Here the job is to transcribe the data verbatim while leaving each picture out.

THE DATA:
* * * * *

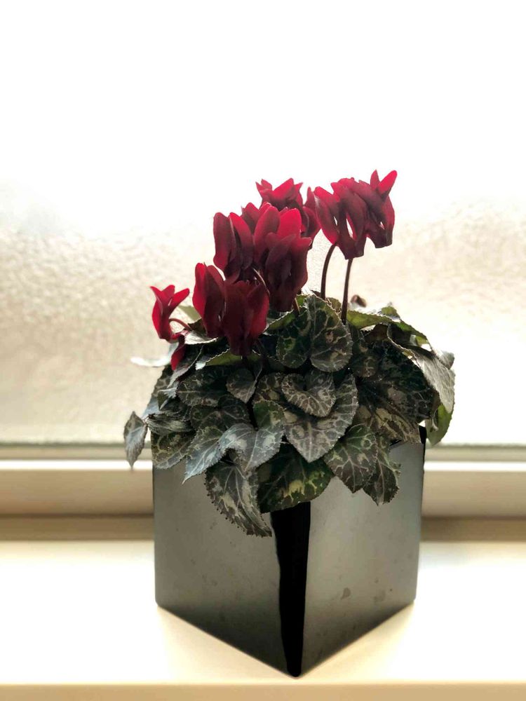 そんなシックなシクラメンには黒いスクエアを合わせて大人の雰囲気に。
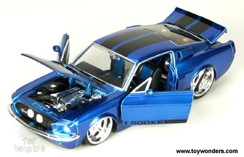 90214CC DUB City Big Time Muscle 1967 Ford Shelby Mustang. 1:24 scale diecast model car. This 1967 Shelby Mustang is a 7.75" long diecast with opening doors/hood/trunk and Maya Rims. This 67 Shelby Mustang is manufactured by Jada Toys. 4 pcs per display box. 16 pcs per inner box. 90214 in assorted colors.
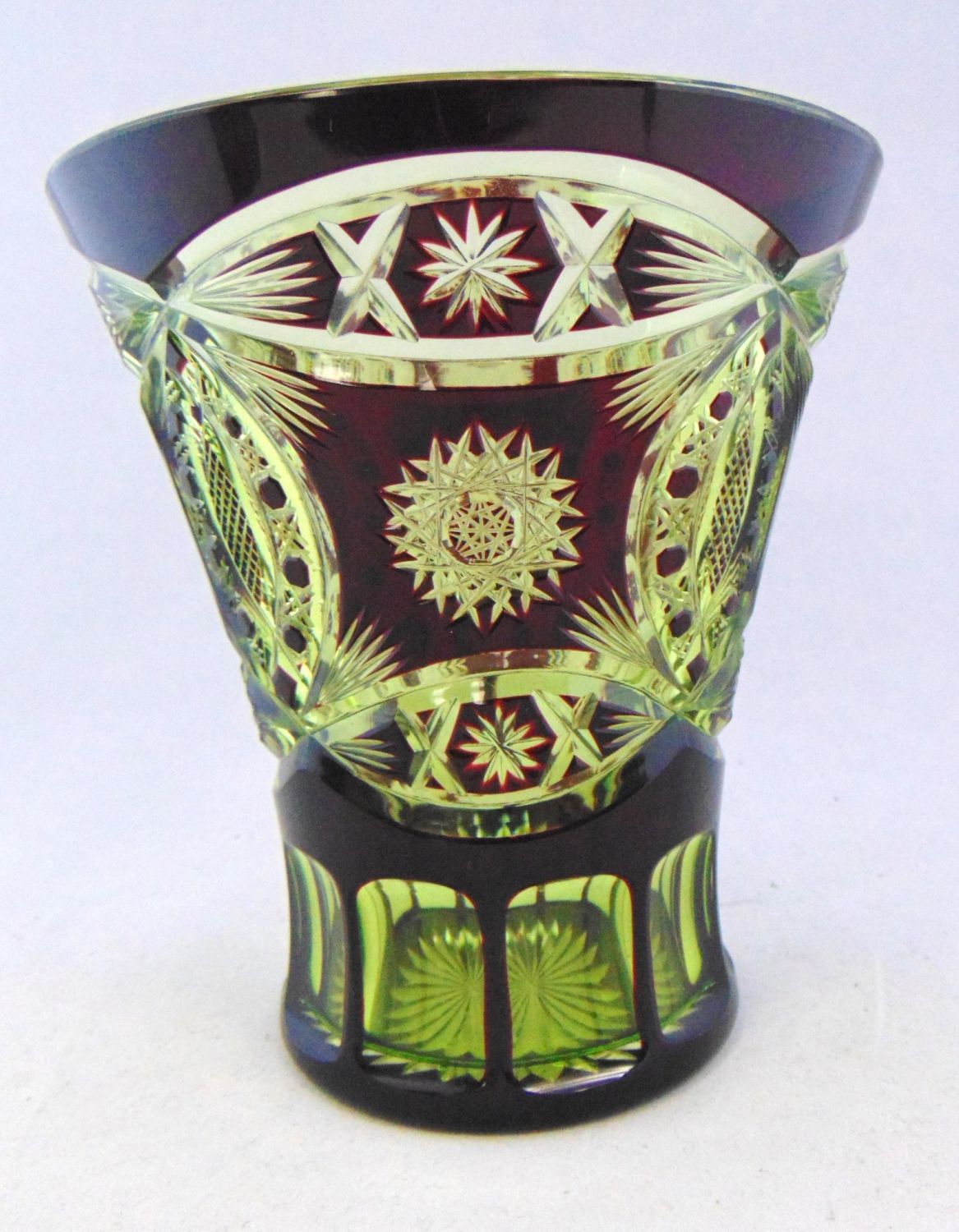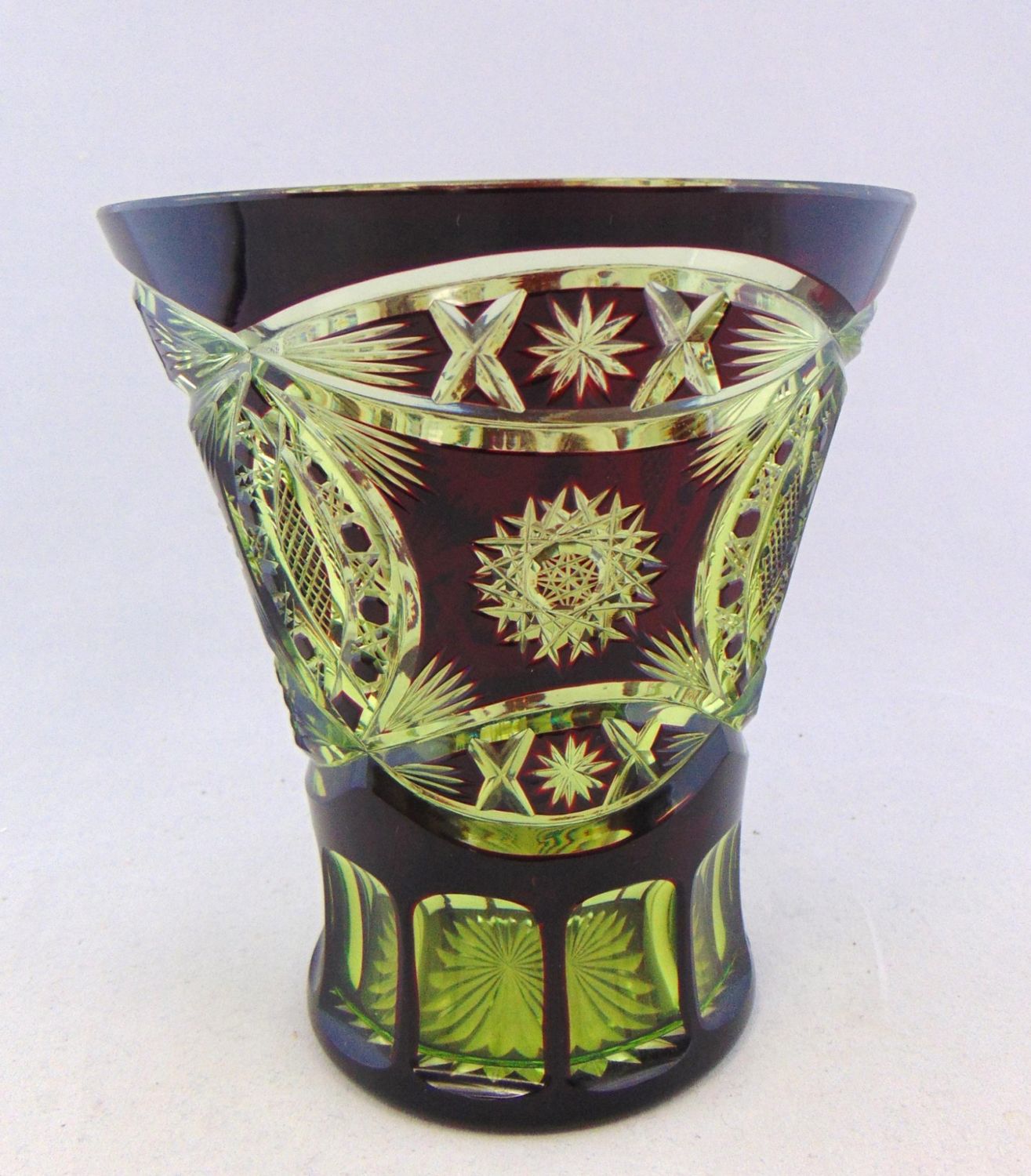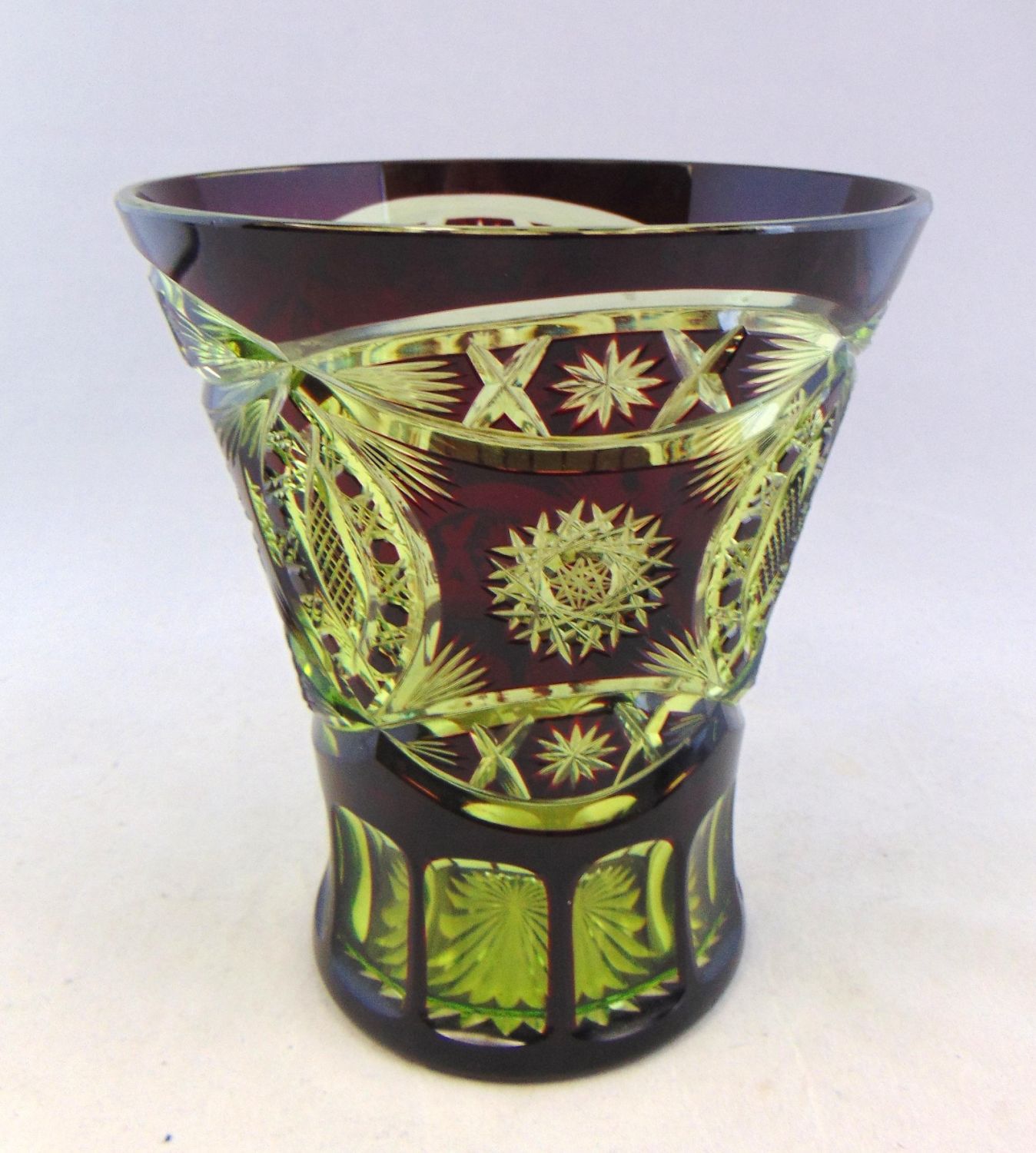 Wide trumpet form in ruby cut to yellow, 6″ ht. Condition: good with no defects found.
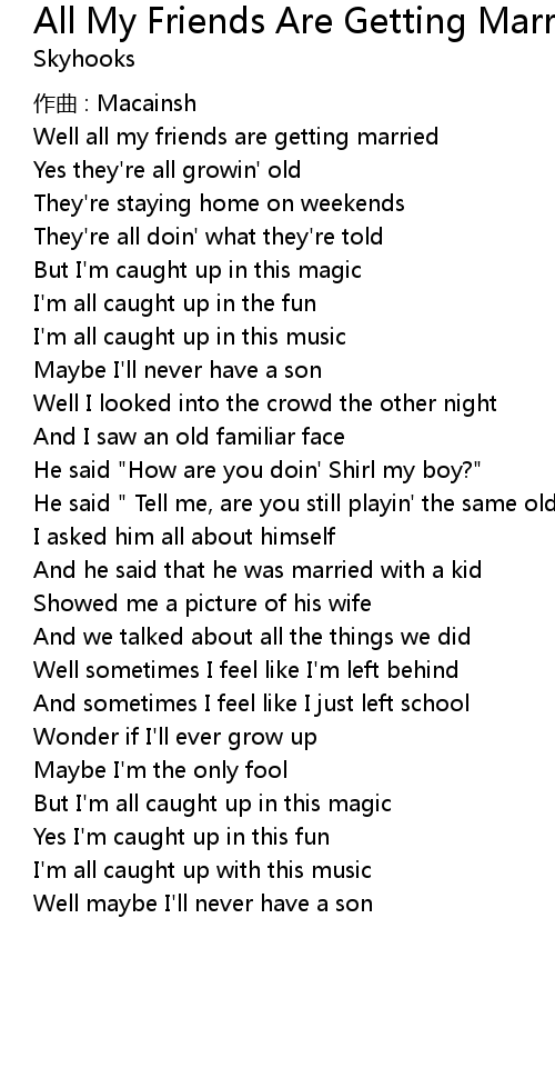 | Well all my friends are getting married | |

* * * * *

WRITTEN RESPONSE:
 そんなシックなシクラメンには黒いスクエアを合わせて大人の雰囲気に。
 90214CC DUB City Big Time Muscle 1967 Ford Shelby Mustang. 1:24 scale diecast model car. This 1967 Shelby Mustang is a 7.75" long diecast with opening doors/hood/trunk and Maya Rims. This 67 Shelby Mustang is manufactured by Jada Toys. 4 pcs per display box. 16 pcs per inner box. 90214 in assorted colors.
 Wide trumpet form in ruby cut to yellow, 6″ ht. Condition: good with no defects found.
 | Well all my friends are getting married | |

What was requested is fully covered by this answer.